The road not taken

The Road Not Taken (Poem by Robert Frost, 1916) It's a fairly well-known and beloved poem, which comes to mind each year as we begin the Book of Bamidbar and with Shavuot coming up fast. And Yom Yerushalayim gets into the thought process, as well.

The poem doesn't match the issue at hand perfectly, but it is a pretty good focus of the issue. Remember that having left Egypt and gathered at Har Sinai to receive the Torah, our next destination was supposed to be Eretz Yisrael. Even before the Sin of the Spies resulted in close to a 40 year delay in our entering the Land, we seemed to have stalled from moving on from Har Sinai. We received the Torah towards the beginning of Sivan and did not leave Sinai until the 20th of Iyar of the following year. That's almost a full year staying put at Mt. Sinai. One can say that we stayed there because the Cloud didn't lift in all that time, but that was so probably because we weren't ready to move away to the place of Divine Revelation – Har Sinai.

The Book of Bamidbar represents – in the Frost poem analogy – the path through the Midbar and the long time we spent wandering there. The fact is, there are good things to say about the maturing of the new generation in the Midbar, as well as negative things dealing with the many times we complained and the various experiences that 'angered' G-d. Shavuot represents the other path. Shavuot is Z'man Matan Torateinu – the time of the Giving of the Torah, but it is also that which celebrates and represents our entry into the Land of Israel and the building of the Beit HaMikdash.

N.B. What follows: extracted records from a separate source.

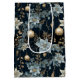 This classic blue and gold ornaments and poinsettias pattern is perfect for your wine, small and medium size holiday gift bags. AI assisted graphic purchased with commercial use. Artwork: DreamCafeArt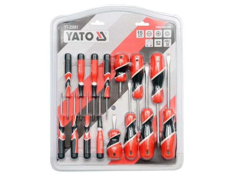 Professzionális összeszerelési munkákhoz különböző iparágakban. Kerület készült acélból az S2 jelzéssel, edzett kb. 58 HRC-ig. A szatén felület, a munkahegy edzett és homokfúvott / megerősíti a barlang stabilitását /. A nyél megfelelően kiválasztott anyagokból készült, különböző keménységgel professzionális összeszerelési munkákhoz különböző iparágakban. Csavarhúzók: lapos: 6x125mm, 6x100mm, 6x38mm, 5x75mm, kereszt: PH2x100mm, pH2x38mm, pH1x75mm; Precíz csavarhúzók: lapos: 1.5x50mm, 2x50mm, kereszt: PH00x50mm, PH0x50mm; Torx T5x50mm, T6x50mm, T7x50mm, T8x50mm; Használati figyelmeztetések: Figyelem! Mindig használjon személyes védőfelszerelést munka közben.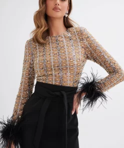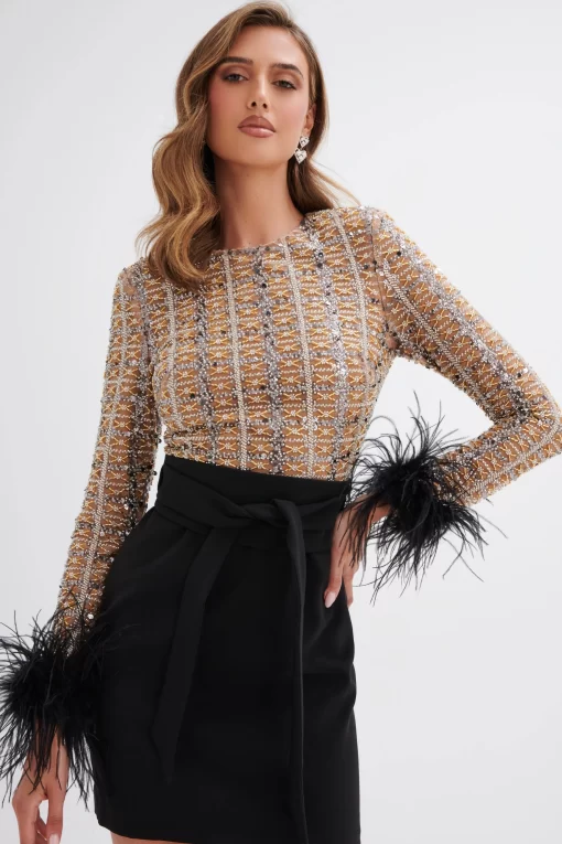 - Mixed Sequin Embellished and Embroidered Sheer Upper Body- 100% Polyester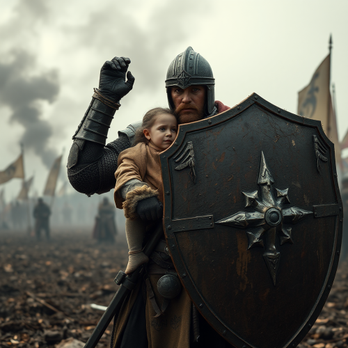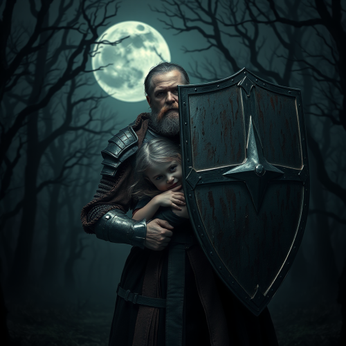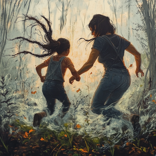 A scene centred on a mother and her young adult daughter, the image's focal point, running towards each other with open arms, about to embrace in a loving hug. The daughter has a long, flowing braid, and both are dressed in overalls. They are in a large clearing within the Amazon forest at dawn, with new silver shoots sprouting from the charred remains of burnt trees. The lush green forest begins to reclaim the burnt landscape, with a sense of enchantment and nature's resilience. Magic sparks around.

Shavuot's name of Yom HaBikurim, gives us a glimpse at what is down (or up) this other path. The counting of the Omer culminates (or should culminate) with the bringing of the MINCHA CHADASHA LASHEM, the Two Loaves offering on Shavuot… IN THE BEIT HAMIKDASH. Again, the Torah reading of Parshat Bamidbar gives us a glimpse of continued exile and the development of a Jewish society based on the Torah… but not in Eretz Yisrael. Shavuot shows us the other path, that leads towards Eretz Yisrael… faster and surer. Which path was the best for Bnei Yisrael to have taken back then? Not really the issue. They did what they did. But we are also standing before two different paths. And we glimpse a bit down each path. And we must make our own decision – to live and grow in Torah in Eretz Yisrael. What we decide will make all the difference. Let us bring the Geula closer and closer.